Is Whitehead's manifold with a point removed homotopy equivalent to a sphere?

A contractible open subset of $\mathbb{R}^n$ need not be homeomorphic to $\mathbb{R}^n$. The Whitehead manifold is an open subset of $\mathbb{R}^3$ which is contractible but not homeomorphic to $\mathbb{R}^3$ (it is not simply connected at infinity).

Removing a point from $\mathbb{R}^3$, we obtain a space homotopy equivalent to $S^2$. Is this true of any open contractible subset of $\mathbb{R}^3$? In particular:

Is Whitehead's manifold with a point removed homotopy equivalent to $S^2$?

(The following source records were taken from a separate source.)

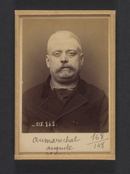 Editor: Here we have Alphonse Bertillon’s gelatin silver print, “Recco. Grégroire. 35 ans, né à Formia (Italie). Tailleur d'habits. Anarchiste. 11/3/94,” made in 1894. What strikes me immediately is how this portrait of an individual feels like it's trying to tell a much larger story. How do you see this piece operating within a broader historical or social context? Curator: This photograph is a part of Bertillon's larger project of criminal identification, which revolutionized policing in late 19th-century France. The work offers a chilling glimpse into the relationship between power, knowledge, and the individual, operating within a system seeking to control and classify. The neutrality of the subject’s pose, and the detached tone of the annotations below, aren’t arbitrary. The subject, an Italian anarchist, is transformed into a data point within a larger system of surveillance and control. What does the explicit labeling of his profession and political leanings tell us about how "criminals" were classified at the time? Editor: That's fascinating, and it gives the image such a different weight. I initially just saw a portrait, but now I realize that it's about institutional power too. Does his classification, tailor, anarchist, predispose him to accusations or guilty verdicts within the context of French society at the time? Curator: Exactly. It highlights how "objective" systems of identification are never truly neutral, and can become tools of social control and discrimination. Looking at Bertillon's mugshots we must ask ourselves whose stories are never told, or are intentionally misrepresented. This isn't just a portrait; it's a document reflecting social and political anxieties of the time. Editor: I hadn't considered that. Thanks for illuminating the deeper context embedded in this photograph!
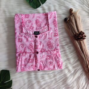 Pink Floral Printed Printed Pure Cotton Button Zip Nighty | Free Size | Chest Width 44″| Length 55″-56″
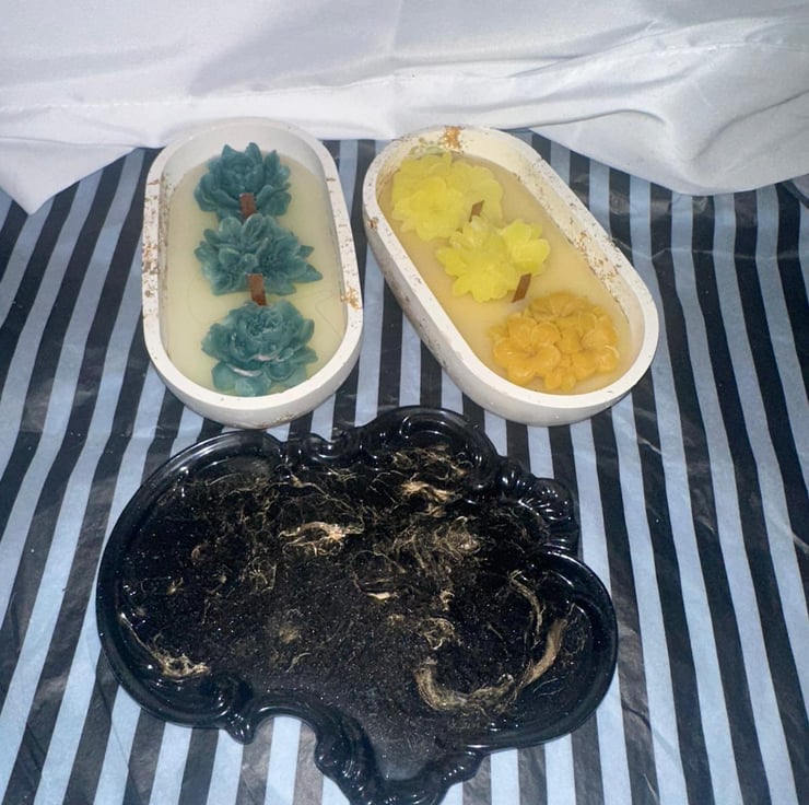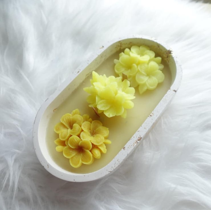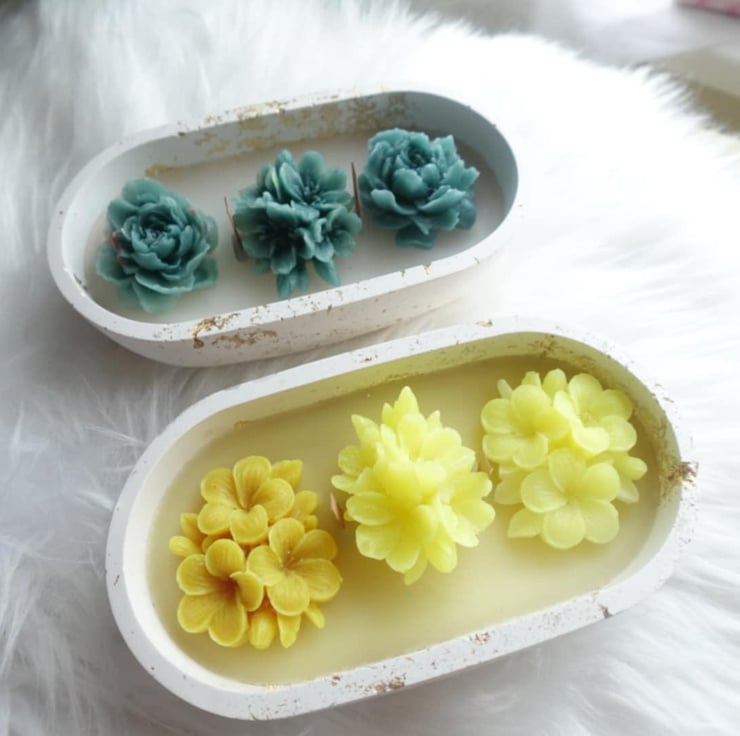 Refined candle set featuring two flower-shaped candles and one elegant tray.
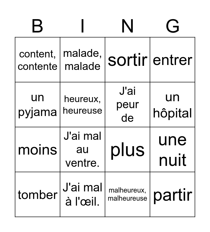 This bingo card has 26 words: un/une malade, un docteur, un hôpital, un médicament, un pyjama, content, contente, heureux, heureuse, malade, malade, malheureux, malheureuse, triste, triste, moins, plus, des chaussettes, une fois, une nuit, dormir, entrer, partir, sortir, tomber, J'ai mal au ventre., J'ai mal à la téte., J'ai mal à l'œil., J'ai mal aux genoux., J'ai peur de and Je suis malade..
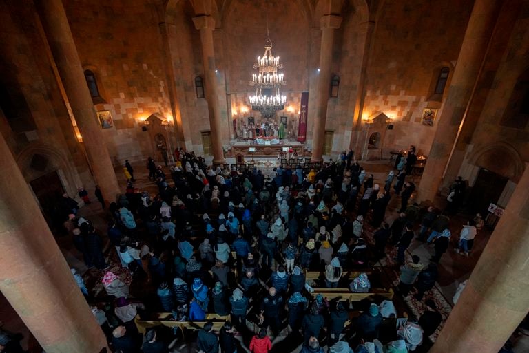 Եկեղեցին լիքն էր հավատավոր մարդկանցով, ովքեր եկել էին եկեղեցում դիմավորելու Նոր Տարին:
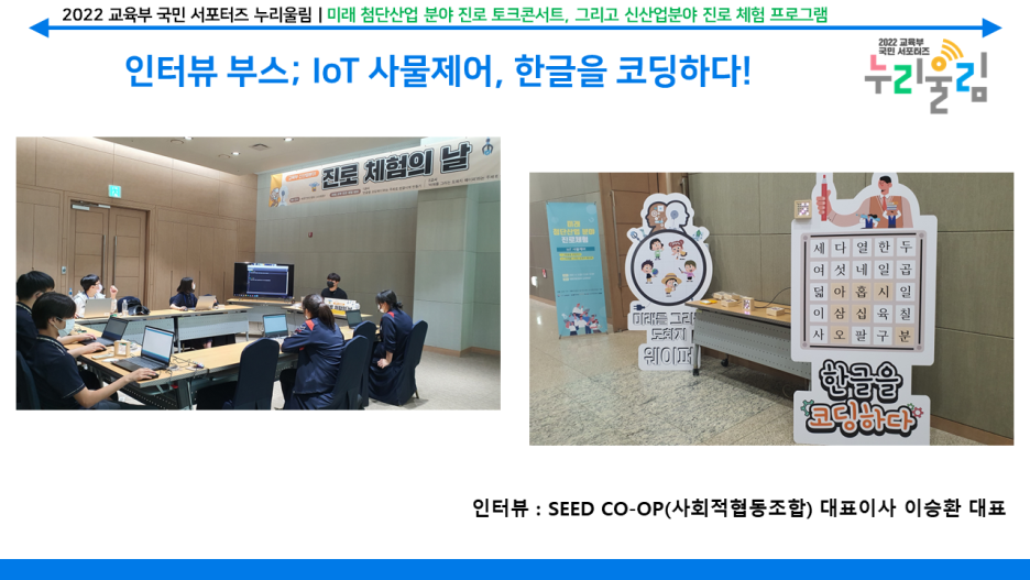 그럼, 이번 부스를 운영한 분들의 인터뷰를 들어보겠습니다. 먼저 “IoT 사물제어, 한글을 코딩하다”라는 부스를 운영한 이승환 대표님입니다.
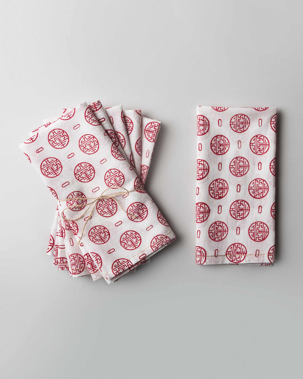 • Block-printed with little medallions, these dinner napkins are meant to prop up every kind of meal

Yes. Deleting a point from a manifold of dimension $n \geq 3$ doesn't change the fundamental group, so the result is still simply connected. (Either use van Kampen or transversality.) Mayer-Vietoris shows that the homology of the resulting space is the same as $S^2$, whence $\pi_2(U \setminus p)$ is isomorphic to $H_2(U \setminus p) = \Bbb Z$, generated by a small sphere around $p$. Because the map $S^2 \to U \setminus p$ is an isomorphism on homology, and $U \setminus p$ is simply connected, Whitehead + repeated application of Hurewicz shows that the map is a homotopy equivalence. This works in any dimension $n \geq 3$.
(Of course, it's also true in dimension 2, where the only open contractible surface is homeomorphic to $\Bbb R^2$, as well as dimension 1, where the only open curve is $\Bbb R$. Indeed the same proof applies in the first case, where van Kampen instead implies that the result when you delete a point has fundamental group $\Bbb Z$.)
Of course, it is not proper homotopy equivalent to $\Bbb R^3 \setminus 0$, as proper homotopy equivalences preserve the fundamental groups at infinity of the ends.